> Work to complete: Your response to the data below should hold nothing except the lines from the one containing "A handcrafted statement" down to the one containing "赤いベリーソースをかけたパフェに、指の形のクッキーを添えたちょっぴり怖い一品。", reproduced exactly and without pictures.
─── Material for this exercise ───
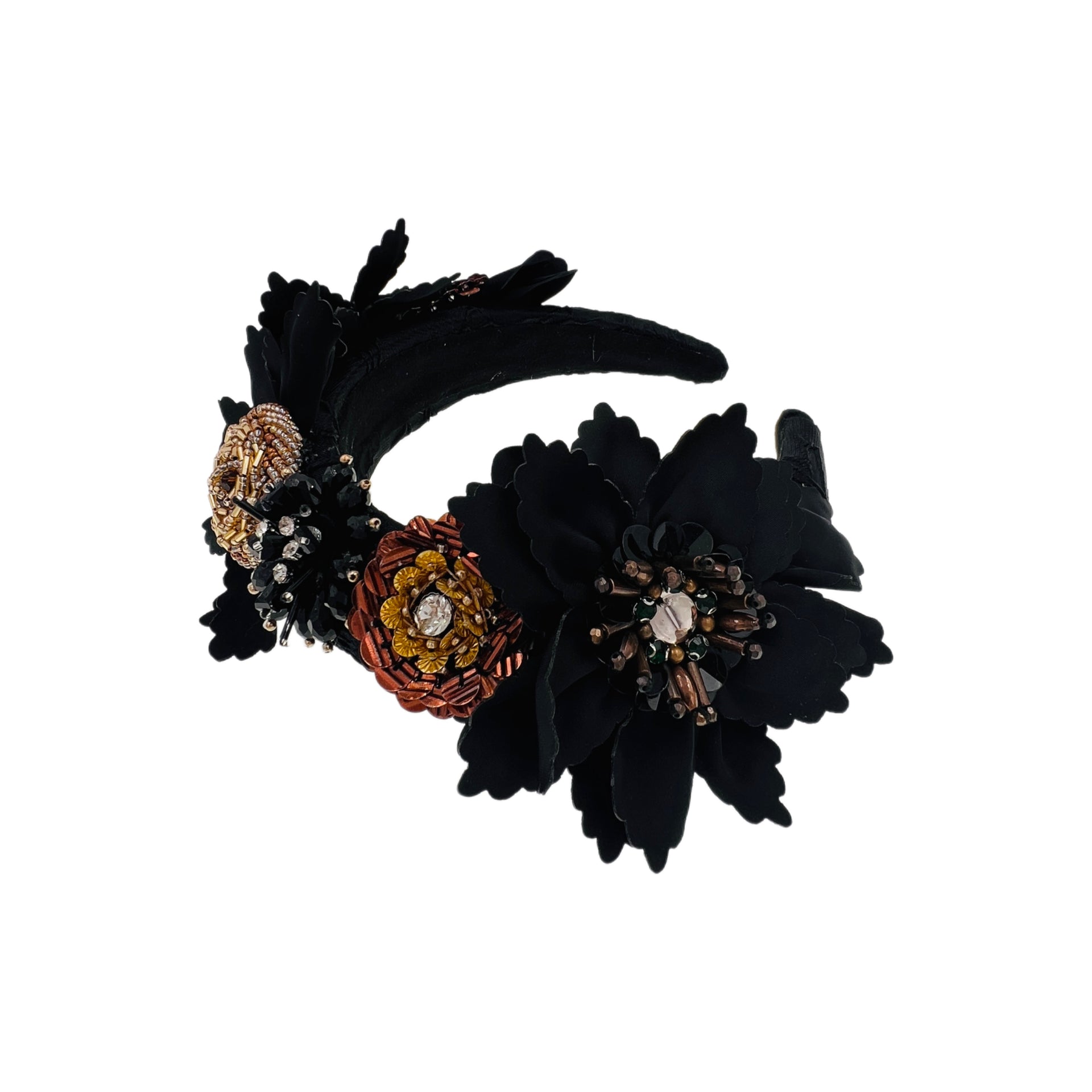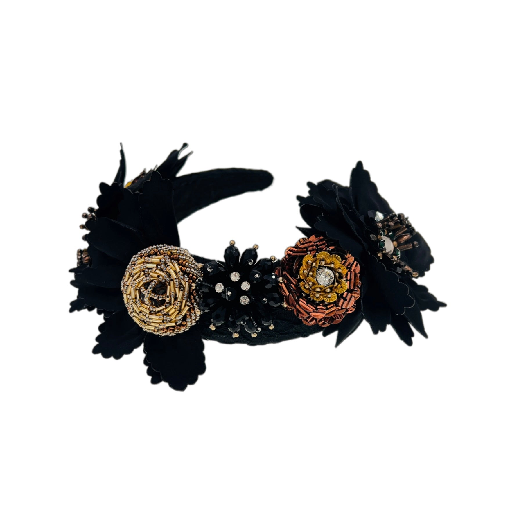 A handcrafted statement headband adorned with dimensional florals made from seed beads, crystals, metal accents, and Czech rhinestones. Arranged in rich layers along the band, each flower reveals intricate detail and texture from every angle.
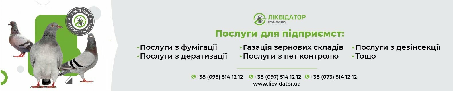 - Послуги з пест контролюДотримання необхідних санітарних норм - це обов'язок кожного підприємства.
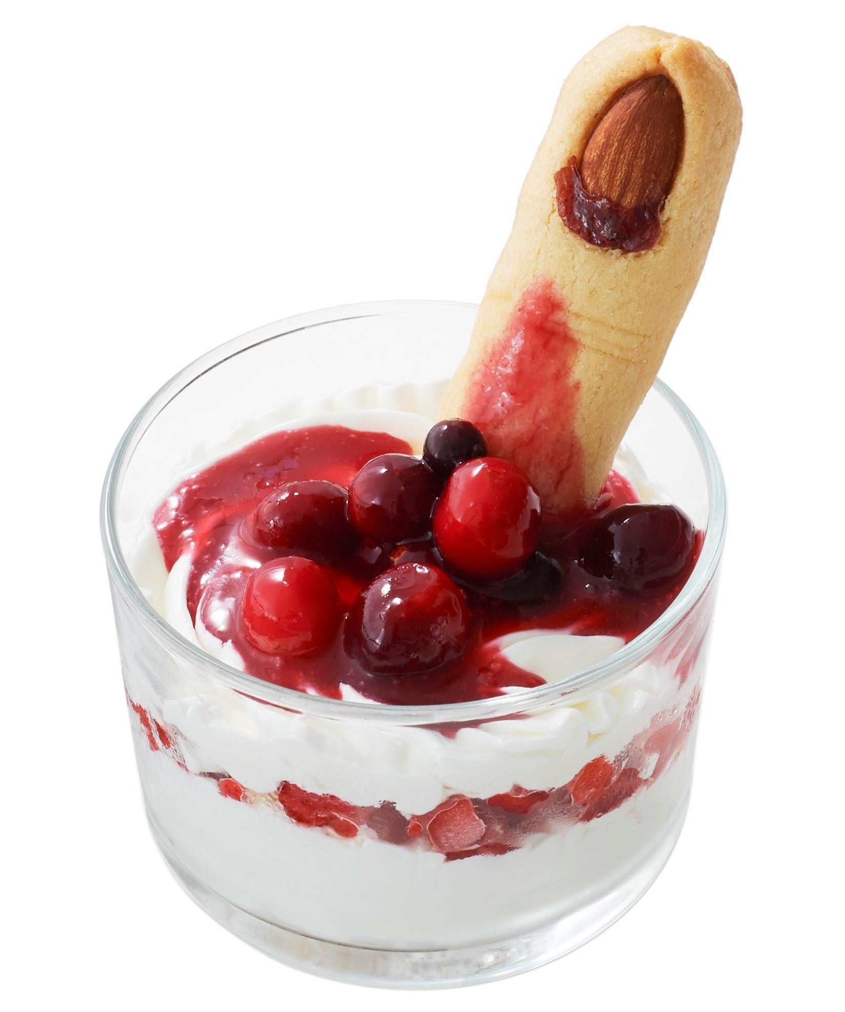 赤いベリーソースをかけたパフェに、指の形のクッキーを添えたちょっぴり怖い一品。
───
─── Material for this exercise ───
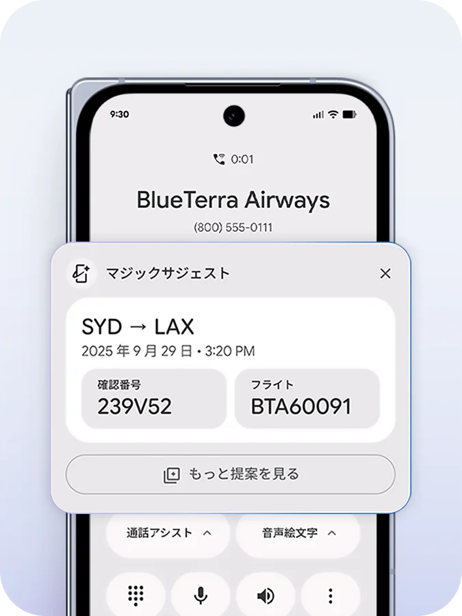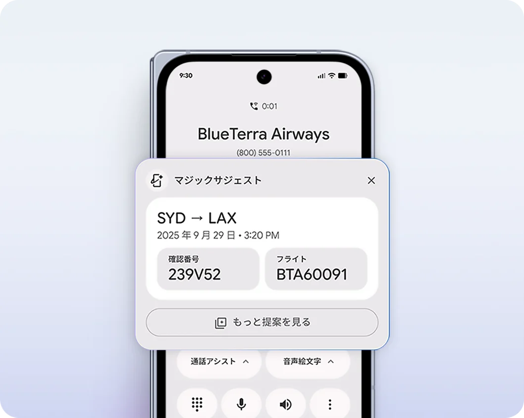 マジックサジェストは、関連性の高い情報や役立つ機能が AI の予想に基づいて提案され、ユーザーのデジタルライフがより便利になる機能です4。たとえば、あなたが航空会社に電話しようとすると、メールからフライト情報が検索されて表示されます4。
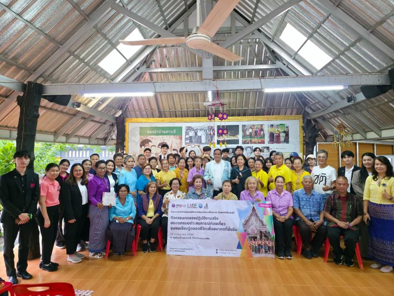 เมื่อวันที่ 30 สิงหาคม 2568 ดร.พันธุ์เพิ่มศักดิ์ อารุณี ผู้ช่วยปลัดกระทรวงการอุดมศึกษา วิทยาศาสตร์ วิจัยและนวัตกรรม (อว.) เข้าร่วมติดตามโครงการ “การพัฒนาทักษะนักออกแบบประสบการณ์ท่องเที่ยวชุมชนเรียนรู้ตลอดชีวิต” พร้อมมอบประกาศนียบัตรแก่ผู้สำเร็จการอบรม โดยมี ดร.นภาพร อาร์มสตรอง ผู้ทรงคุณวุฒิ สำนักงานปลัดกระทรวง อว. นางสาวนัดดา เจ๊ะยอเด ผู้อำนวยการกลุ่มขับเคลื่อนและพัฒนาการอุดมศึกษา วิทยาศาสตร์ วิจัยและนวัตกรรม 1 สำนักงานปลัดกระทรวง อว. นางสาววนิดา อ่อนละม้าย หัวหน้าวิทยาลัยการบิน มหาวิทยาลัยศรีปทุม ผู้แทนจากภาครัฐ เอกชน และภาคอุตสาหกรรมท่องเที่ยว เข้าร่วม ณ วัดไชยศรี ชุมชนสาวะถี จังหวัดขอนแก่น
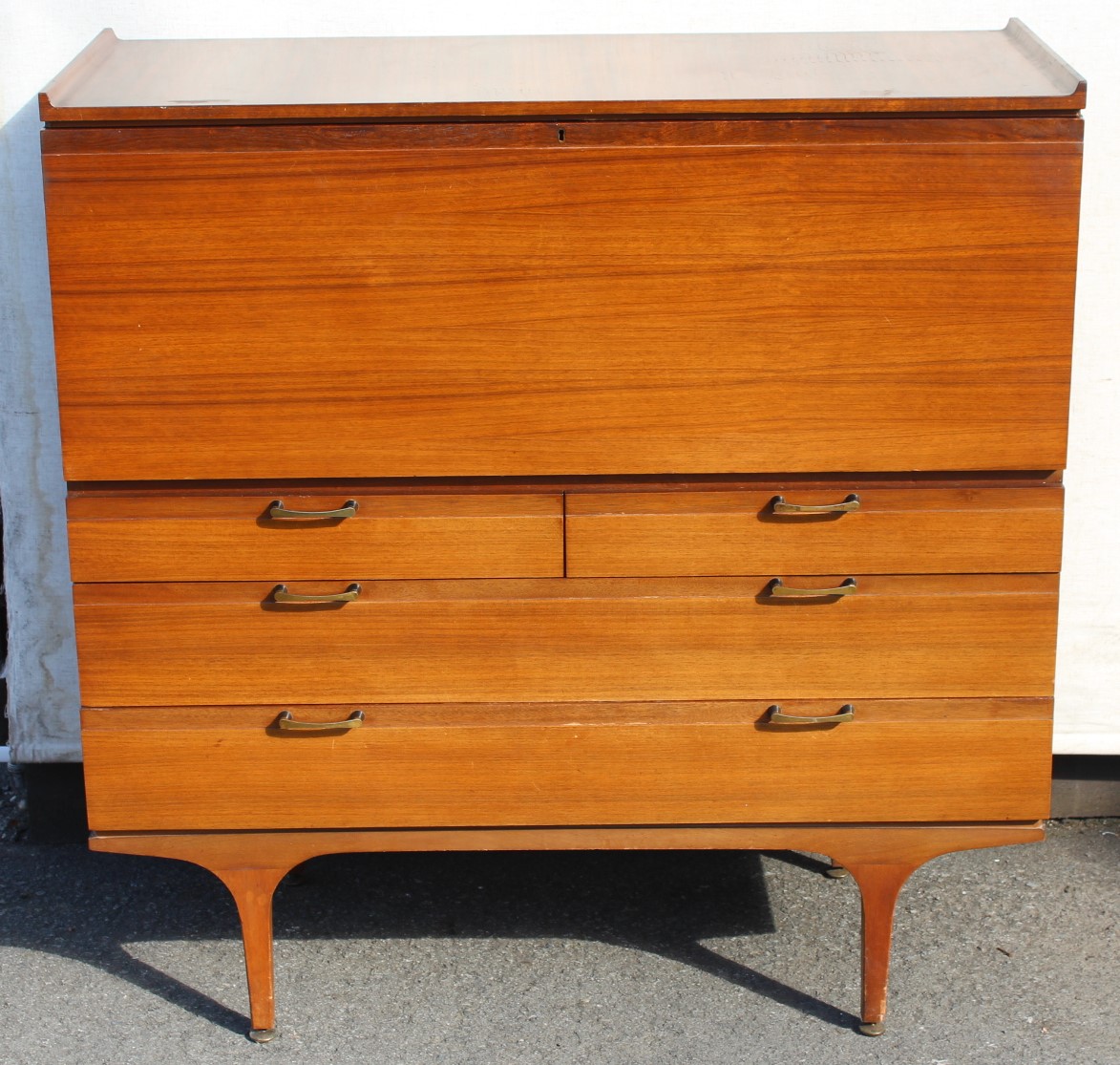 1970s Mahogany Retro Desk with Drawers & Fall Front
───
─── Material for this exercise ───
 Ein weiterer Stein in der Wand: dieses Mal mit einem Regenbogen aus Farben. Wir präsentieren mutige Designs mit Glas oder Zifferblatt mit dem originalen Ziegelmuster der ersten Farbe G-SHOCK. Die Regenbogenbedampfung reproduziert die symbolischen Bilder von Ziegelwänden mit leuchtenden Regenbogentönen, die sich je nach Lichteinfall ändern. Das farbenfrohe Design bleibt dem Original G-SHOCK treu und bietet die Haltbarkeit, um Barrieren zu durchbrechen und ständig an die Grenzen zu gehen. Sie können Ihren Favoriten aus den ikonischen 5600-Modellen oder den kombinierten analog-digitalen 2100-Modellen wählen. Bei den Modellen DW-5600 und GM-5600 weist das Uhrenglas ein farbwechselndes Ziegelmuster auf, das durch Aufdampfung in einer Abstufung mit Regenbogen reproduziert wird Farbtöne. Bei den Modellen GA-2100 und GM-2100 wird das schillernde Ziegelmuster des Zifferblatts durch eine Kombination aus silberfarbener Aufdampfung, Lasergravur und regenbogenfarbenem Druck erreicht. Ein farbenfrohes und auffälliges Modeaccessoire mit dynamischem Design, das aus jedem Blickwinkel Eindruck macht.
───
> Task response:
 A handcrafted statement headband adorned with dimensional florals made from seed beads, crystals, metal accents, and Czech rhinestones. Arranged in rich layers along the band, each flower reveals intricate detail and texture from every angle.
 - Послуги з пест контролюДотримання необхідних санітарних норм - це обов'язок кожного підприємства.
 赤いベリーソースをかけたパフェに、指の形のクッキーを添えたちょっぴり怖い一品。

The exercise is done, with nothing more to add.